Shotley Hall is a Grade II* listed historic mansion in Shotley Low Quarter, Northumberland, England. It was designed in the Gothic Revival architectural style by Edward Robert Robson, and its construction was completed in 1863.

==History==
The nearby places of High and Low Waskerley were listed as part of the lands of Hugh de Bolbec on his death in 1262 (not to be confused with the Wakserley over the border in Country Durham). By 1313 the land was held by Walter de Huntercombe on his death and then passed into the king's hands while the lands were disputed between John De Lancsater and Ralph fitz William. In 1549 the chapel of Shotley and associated lands, including Waskerley, were granted to Sir Thomas Gargrave, of North Emsall, Yorkshire, and to William Adamson.

The 1663 Book of Rates for Shotley listed the owner as Thomas Mills (listed under "Warscally or Waskerley").

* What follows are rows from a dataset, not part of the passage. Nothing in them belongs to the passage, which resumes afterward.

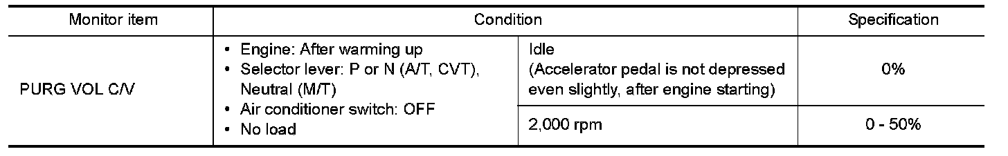 4.Perform "PURG VOL CONT/V" in "ACTIVE TEST" mode with CONSULT. Check that engine speed varies according to the valve opening.
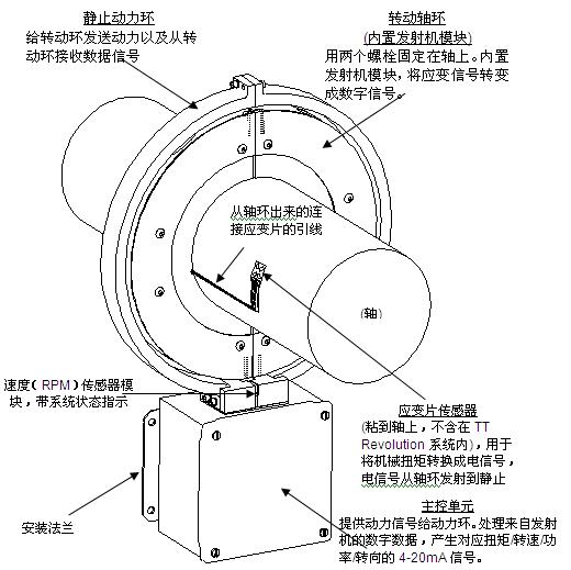TT Revolution系統可同時輸出被測軸的扭矩、轉速、功率和轉向等四種4-20mA信號,適于對轉軸進行長時間監測。系統由兩大部分組成:旋轉的軸環(內置發射機)和固定的電源環及主控單元。軸環外徑和電源環直徑以2英寸步長遞增成系列,適用于不同的軸徑范圍。根據被測軸外徑以及軸環的內徑確定軸襯圈的尺寸。
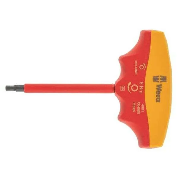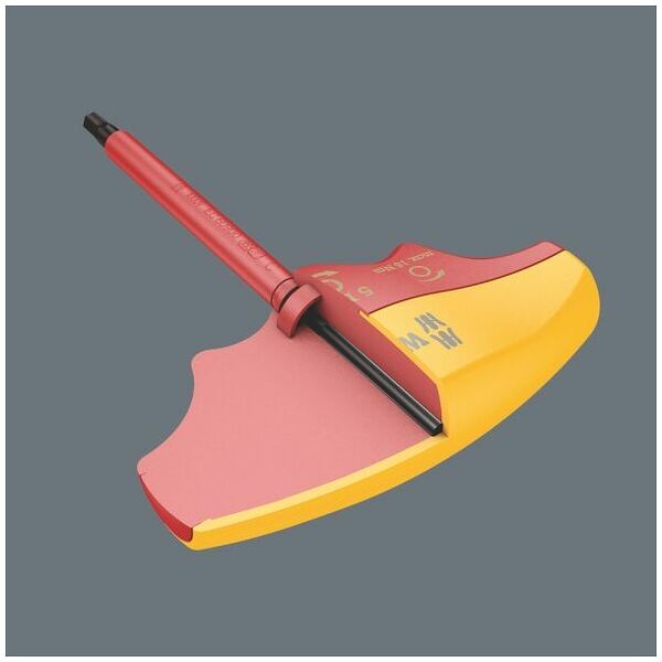 Insulated T-handle torque screwdriver with pre-set and tamperproof torque value at 5.0 Nm blades length 90 mm for hexagon screws Hex-Plus profile size 4 mm VDE
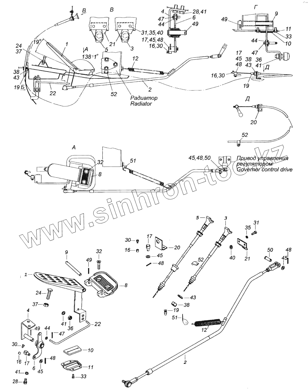 Каталог запасных частей к технике: Камский автозавод 5460. Управление подачей топлива

During most of the 18th century the Andrews family of Shotley Hall owned the area eventually selling to the banker Arthur Mowbray of Durham in 1800 who sold off the lands in 1815. For the remainder of the century and until 1916 it belonged to the same owner as Shotley Hall, namely the Wilson and Walton-Wilson family, which included the architect John Wilson Walton-Wilson.